Kontroversen gibt es auch rund um die Frage des THC-Höchstwertes. Während Sauermann für eine THC-Obergrenze plädierte, sprach sich Georg Wurth, Geschäftsführer des Deutschen Hanfverbandes, dagegen aus. Gäbe es in Shops nur Cannabis mit niedrigem THC-Gehalt, würde für viele der Schwarzmarkt eben doch wieder attraktiver. Um diesem das Wasser abzugraben, dürften in den künftigen Verkaufsstellen Cannabis auch nicht teurer sein als außerhalb.
Einstellung der Strafverfolgung gefordert
Bei allen Differenzen im Kleinen: Einig waren sich Sauermann und Wurth in Sachen Strafverfolgung. Da es mit der Verabschiedung eines Gesetzes ja noch etwas dauern könnte, aber man ja wisse, "wohin die Reise" gehe, sollten die Strafverfolgungsbehörden ihre Aktivitäten bzw. laufende Verfahren gegen Cannabis-Konsumenten schon jetzt einstellen. Für Jugendliche bedeuteten diese Verfahren schließlich auch den Ausschluss gesellschaftlicher Teilhabe – z.B., wenn daraus das Verbot resultiere, den Führerschein zu machen, so Sauermann.
Ob sich die Strafverfolgungsbehörden allerdings wegen eines irgendwann, voraussichtlich Ende 2023 in Kraft tretenden Gesetzes darauf einlassen werden, sich nicht mehr an das Legalitätsprinzip zu halten, ist eher unwahrscheinlich. Helfen könnte hier eher dieses Jahr noch das Bundesverfassungsgericht (BVerfG). Der für das Thema zuständigen Berichterstatterin im 2. Senat, Dr.

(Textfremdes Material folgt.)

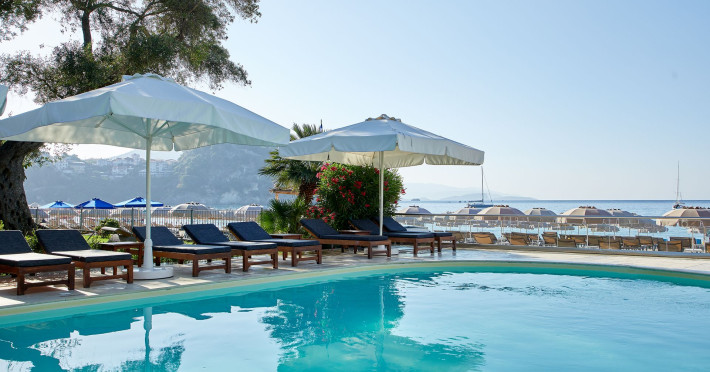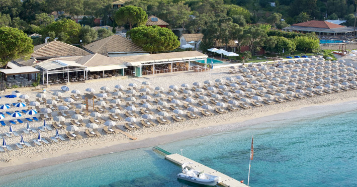 Discover the definition of laid back luxury at our unique beach resort in Parga. Enjoy premium accommodation, with over a hundred rooms and suites located in individual and bungalow-style buildings scattered around our verdant gardens, amid centuries-old olive trees and a wealth of local flora. Our beachfront resort is right on the Blue Flag Valtos Beach, and the picturesque town of Parga is just a short walk or even shorter water-taxi ride away. Whether you are travelling as a couple or as a family with children, take advantage of our extensive onsite amenities and plan the perfect beach holidays! Our guests’ experience is our top priority, and our staff fully embraces the culture of laid back but premium hospitality. Warm, friendly, our people are helpful but always respectful of your privacy. Most of our members of staff are locals; their bond to the region helps enhance your experience of local culture and true Greek hospitality. Wining and dining is an important part of your holiday in Greece. Our Thalassa beachfront restaurant is open for lunch and dinner, serving traditional Greek dishes with a twist. In a picture-perfect seaside setting with a view of the beach, the Venetian Castle and the town of Parga, enjoy a dinner of Greek fusion cuisine accompanied by live music sets, or take in our special weekly Greek and Barbecue nights. For refreshments, drinks, cocktails and snacks, Ammos Beach Bar is open all day long. Relax on the large and comfortable sunbeds and take advantage of the full service available on the beach. Parga Beach Resort also offers a range of other facilities to help you fully enjoy your stay. There are four swimming pools plus one children’s outdoor heated pool, indoor and outdoor playgrounds for the little ones, a wellness center with a spa and gym, a fully equipped conference room, a playroom, and free parking on the premises. Our guests’ wellness is especially important to us. Our wellness center is inspired by our verdant gardens and the healing properties of nature; facilities include hammam baths, couples massage services, a relaxing area, as well as several wellness corners scattered around the resort grounds.

Sibylle Kessel-Wulff, liegen inzwischen sieben Richtervorlagen vor, die die Verfassungskonformität der geltenden Cannabis-Strafnormen anzweifeln. Mit einer Entscheidung aus Karlsruhe ist noch in diesem Jahr zu rechnen.
Allerdings könnte das Gericht den Legalisierungs-Bestrebungen auch einen Dämpfer verpassen. Nämlich dann, wenn das gleiche passiert, wie schon 2004: Damals sollte das BVerfG ebenfalls auf Grundlage einer Richtervorlage prüfen, ob das Cannabis-Verbot mit dem Grundgesetz vereinbar ist. Das BVerfG hielt die Richtervorlage seinerzeit aber für unzulässig, unter anderem auch mit der Begründung, dass es selbst an eine frühere, eigene Entscheidung von 1994 nach § 31 Abs. 1 Bundesverfassungsgerichtsgesetz gebunden sei (Beschl. v. 29.06.2004, Az. 2 BvL 8/02). Das vorlegende AG Bernau habe damals keine neuen Tatsachen dargelegt, "die geeignet seien, eine von der früheren Erkenntnis des Bundesverfassungsgerichts abweichende Entscheidung zu ermöglichen", hieß es 2004.